Either way, you need a set of lights. You can order via the internet or buy locally on your next trip to where you buy hardware and bulbs. You can also go to one of the local indoor grow shops, probably your best bet. There you will get the best advice and almost anything you can buy online.

It is not just lights that you will need to take you through the winter. Don’t forget soil, labels, containers, an automatic timer and the like, all of which should come from local sources, preferably one of our fine nurseries. Many are going to be closing for the winter, and we want to make sure they come back next spring.
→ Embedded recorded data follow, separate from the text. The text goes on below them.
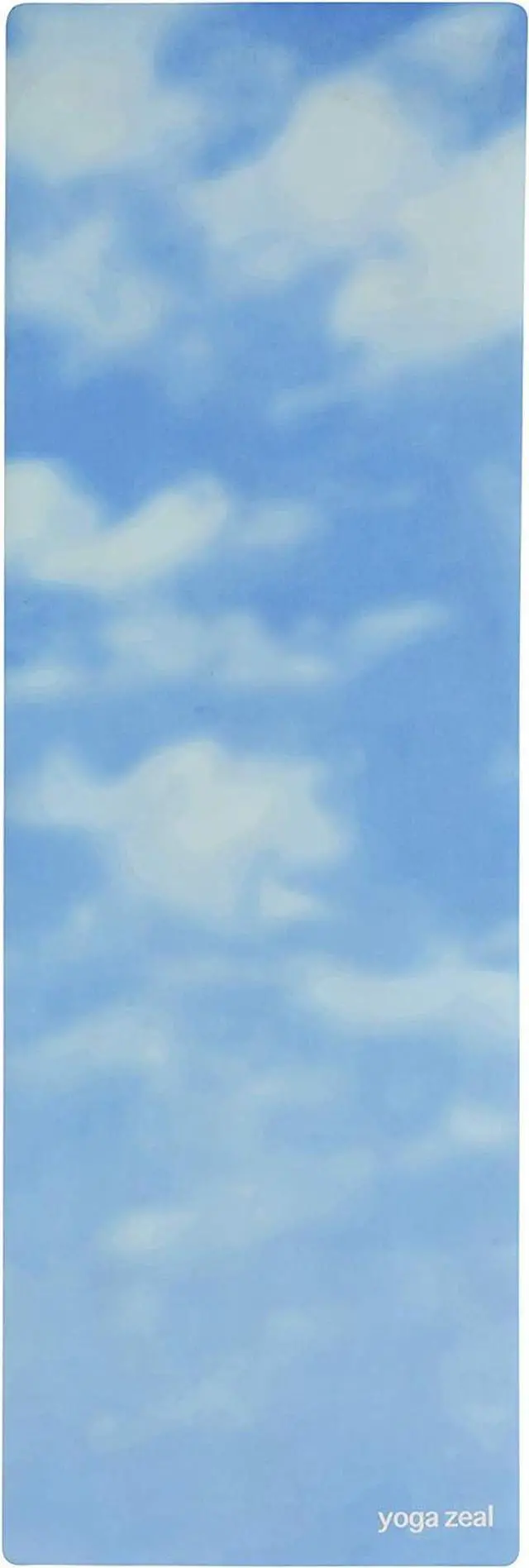 Yoga Mats By Yoga Zeal - Luxuriously Soft, Thick, Non-Slip, Hot Yoga Mat. Eco Printed. Designed to grip better with a sweaty yoga practice! Clouds Mat -LT blue
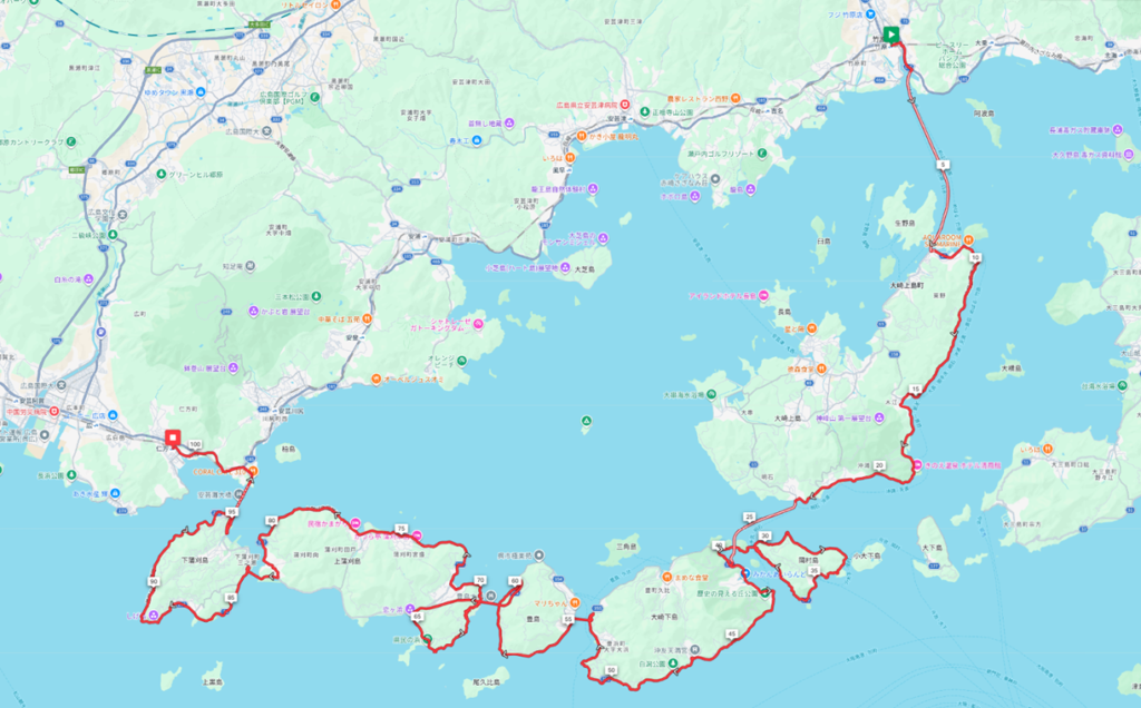 竹原港8:25―🚢山陽商船―>8:50垂水―🚲15km―>9:50明石港10:17―🚢土生商船―>10:32小長―🚲9km―>11:10岡村―🚲7km―>11:30御手洗―🚲13km―>12:30豊島―🚲10km―>13:00上蒲刈島―🚲19km―>14:30下蒲刈島―🚲14km―>15:20安芸灘大橋―🚲4km―>15:30仁方駅16:18―🚃JR―>17:04竹原駅―🚲2km―>17:30竹原港
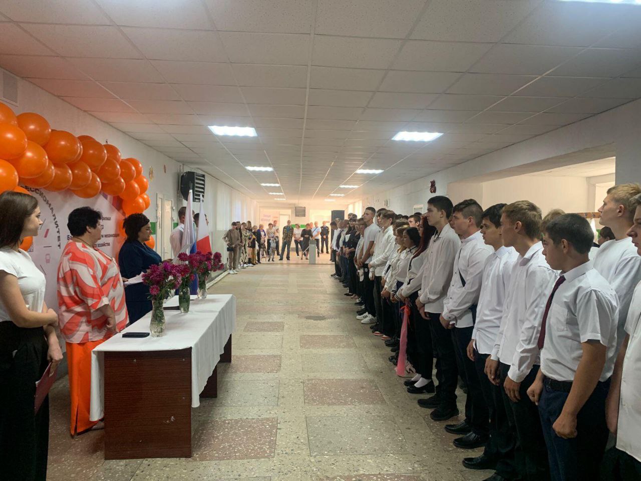 На торжественной первосентябрьской линейке заведующая филиалом техникума Ирина Герасимова поздравила ребят с началом нового учебного года, пожелала юношам и девушкам отличной учёбы, трудолюбия, быть активными участниками всех проводимых в техникуме мероприятий.
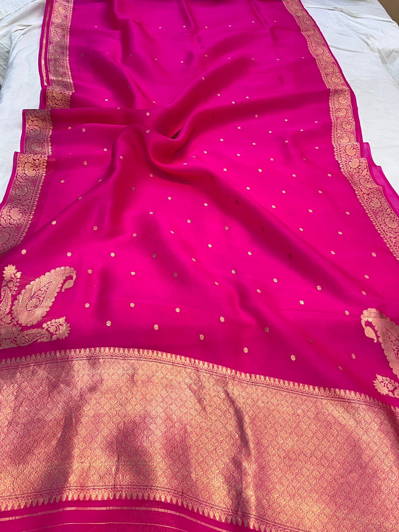 - Color - Hot Pink Banarasi saree.

For most who are interested in growing food, herbs and flowers, LED lighting systems are the way to go. I don’t have the space here to cover the subject, so a bit of research, especially if you want to grow specialty crops indoors, is in order. Again, don’t overlook local sources.

And, before the hard frosts do come, order seeds and plants that you need. You won’t find many seed racks in Alaska now — much less in the middle of the winter — but all your favorite mail order places are shipping to Lower 48 customers who are now planting fall and winter gardens. You should, too, only yours will be indoors.

Jeff”s Alaska garden calendar

Alaska Botanical Garden: Garlic sales. Buy online, pick up at the garden, or request curbside pickup. Keep an eye out for a list of varieties.

Birch “seeds”: People are commenting on something they call birch seeds. Actually, it’s a mixture of birch seeds and what is called birch scales. Yes, there seems to be an extraordinary amount this year and it is early. Usually, this stuff is seen on snow.

Potatoes, Brussels sprouts: Wait for the first frost if you can.

Gardens: Harvest. What are you waiting for?